17.12.2012 günü, “Konya Ekonomi Ödülleri 2012” toplantısında konuşan AKP başbakanı R.T. Erdoğan 10 yılı iktidar koltuğunda geçen 20 yıl içinde dirhem değişmediğini itiraf ediyor:

“Şehir hastaneleri projesi de yargı ve bürokratik oligarşi nedeniyle hayata geçirilemedi. Hâlâ bunu aşamadık, bitiremedik. Niye? Bürokratik oligarşi ve yargı bunlara takılıp kalıyor. Dışarıdan bakan ‘326 tane milletvekiliniz var, gene mi bahane’ diyor, ama işte bu kuvvetler ayrılığı denilen olay var ya o geliyor sizin önünde bir engel olarak dikiliyor.” (Milliyet, 18.12.12)

“Yetmez ama evetçiler”in demokrasi kahramanı R.T. Erdoğan işte bu düşüncelerle karşınızda! Bu cümleleri duydular ama gıkları çıkmadı.

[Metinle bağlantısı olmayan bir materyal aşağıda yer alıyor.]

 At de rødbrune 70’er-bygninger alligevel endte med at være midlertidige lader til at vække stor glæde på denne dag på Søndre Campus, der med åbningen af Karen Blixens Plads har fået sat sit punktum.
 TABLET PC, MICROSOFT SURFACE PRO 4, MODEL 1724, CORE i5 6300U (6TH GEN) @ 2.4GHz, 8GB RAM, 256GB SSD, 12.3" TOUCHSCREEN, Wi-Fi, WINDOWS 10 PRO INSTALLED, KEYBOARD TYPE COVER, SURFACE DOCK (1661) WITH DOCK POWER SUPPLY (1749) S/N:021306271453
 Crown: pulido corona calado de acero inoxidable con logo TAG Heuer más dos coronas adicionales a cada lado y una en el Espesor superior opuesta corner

“Kuvvetler (erkler) ayrılığı”nı “olay” olarak tanımlayan AKP Başbakanı’nın devletin tüzel kişiliğinden haberi yok. Bu saptamayı yaptıktan sonra sözü konunun uzmanı Prof.Dr. Erdoğan Teziç’in Beta Yayınevi tarafından yayınlanan ders kitabı “Anayasa Hukuku”na bırakacağım:

“Devlet tüzel kişisinin iradesini açıklayan, her biri belli görevleri yerine getiren değişik organları vardır. Devlet organlarının farklılığı, buna karşılık olarak, devlet fonksiyonlarının da farklılığını ortaya çıkarmaktadır... Devletin egemenliğine dayanan hukuki faaliyetleri üç grupta toplanır: YASAMA, YÜRÜTME, YARGILAMA... Yargılama erki ve mahkemelerin bağımsızlığı, klâsik demokrasinin temel ilkelerinden biridir. Günümüzde de, bağımsız yargı, çoğulcu demokrasinin onsuz olmaz koşullarından biridir.” (s.366)

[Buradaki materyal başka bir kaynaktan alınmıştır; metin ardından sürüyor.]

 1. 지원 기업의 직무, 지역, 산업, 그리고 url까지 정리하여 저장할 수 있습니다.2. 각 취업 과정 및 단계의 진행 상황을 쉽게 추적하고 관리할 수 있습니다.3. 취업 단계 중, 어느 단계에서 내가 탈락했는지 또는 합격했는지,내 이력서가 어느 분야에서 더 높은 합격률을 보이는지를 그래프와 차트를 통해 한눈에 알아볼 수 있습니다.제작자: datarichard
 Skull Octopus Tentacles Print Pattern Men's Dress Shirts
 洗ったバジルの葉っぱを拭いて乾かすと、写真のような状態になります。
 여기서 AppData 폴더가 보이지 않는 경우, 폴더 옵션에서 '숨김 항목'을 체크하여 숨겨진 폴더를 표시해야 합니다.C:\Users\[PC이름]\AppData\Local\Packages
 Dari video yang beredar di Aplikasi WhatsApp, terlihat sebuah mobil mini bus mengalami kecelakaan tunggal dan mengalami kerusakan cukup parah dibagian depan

Demek ki, kuvvetler (erkler) ayrılığı, Başbakan’ın sandığı gibi bir olay değil, demokrasinin temel ilkesiymiş. Ama Başbakan, yargı erkini temsil eden mahkemeleri hükümete (kendisine) bağlı devlet dairesi sanıyor. Oysa, çağdaş demokratik yönetimlerde, yargı, yürütme organı hükümetten emir almaz, sadece anayasaya ve yasalara uyar. Bu bu kadar basit bir gerçektir.

Yasama, Yürütme ve Yargı erklerinin kendi aralarındaki ilişkiye gelince:

Yasama Meclisi, yasa yapar ama onun yaptığı yasaları Yargı Erki’nin bir organı olan Anayasa Mahkemesi denetler. Denetleyerek, Yasama Meclisi’nin erkini sınırlar.

Demokratik ülkelerde Yürütme Erki’ne sahip hükumet parlamentoyu (yasama erkini temsil eden meclisi) feshedebilir ama bu meclis tarafından da güvensizlik oyu ile düşürülebilir. Hükümetin işleri ve uygulamaları yargı erkini temsil eden Danıştay ve İdari Mahkeme tarafından denetlenir ve iktidarı sınırlandırılır.

Yargı Erki’ni (Anayasa Mahkemesi, Danıştay, İdari Mahkeme ve mahkemeler) gelince: Ne Yasama Erki (TBMM), ve Yürütme Erki (AKP hükümeti) tarafından denetlenemez, yetkisi sınırlandırılamaz. Ama AKP’nin başbakanı Yargı Erki’nin temsil eden organların yetkilerini sınırlandırmak, yok saymak istiyor. Ama Yargı Erki, Yasama ve Yürütme karşısında, hukukî açıdan, primus inter pares‘tir; yani eşitler arasında birincidir.

Cumhuriyeti temsil eden yargı erkininin bağımsız organları, hükümetin işlerini ve uygulamalarını denetleme gücüne sahip oldukları için, hukuki açıdan hükümetin üzerindedir.

Hükumet, yasa çıkartarak herhangi bir mahkemeyi kaldırabilir ama onun vermiş olduğu kararları değiştiremez.

Kişisel iktidar

“Kişisel iktidarlarda, tüm yetkiler, gasp ya da zorbalıkla bir kişi tarafından ele geçirilmiş olabileceği gibi, bir hukuki metinle de öngörülmüş olabilir. Kişisel iktidar aslında diktatörlükle eş anlamlıdır. Devlet faaliyetlerinin yöndendirilmesi bir kişinin iradesine ya da kaprislerine bağlıdır.” (Anaya Hukuku, S.373)

AKP çoğunluğuna sahip Yasama Erki’ni (TBMM) mutlak denetimi altında tutan Başbakan, bağımsız yargının da hükümetin iktidarını sınırlandırmasını istemiyor. Belki farkında değil ama Erkler (Kuvvetler) Ayrılığı’na karşı çıkarak mevcut anayasayı tanımamış oluyor ve demokrasi treninin güzergâhı üzerinde benzersiz bir şey yapmak, “Teokrasi İstasyonu” açmak istiyor. Böyle bir girişim ve kalkışma ülkeyi dönüşü olmayan bir kaosa götürür.

Hiç belli olmaz, üyelerini kendiniz seçmiş olsanız da, bu ülkede hâlâ bir Anayasa Mahkemesi var!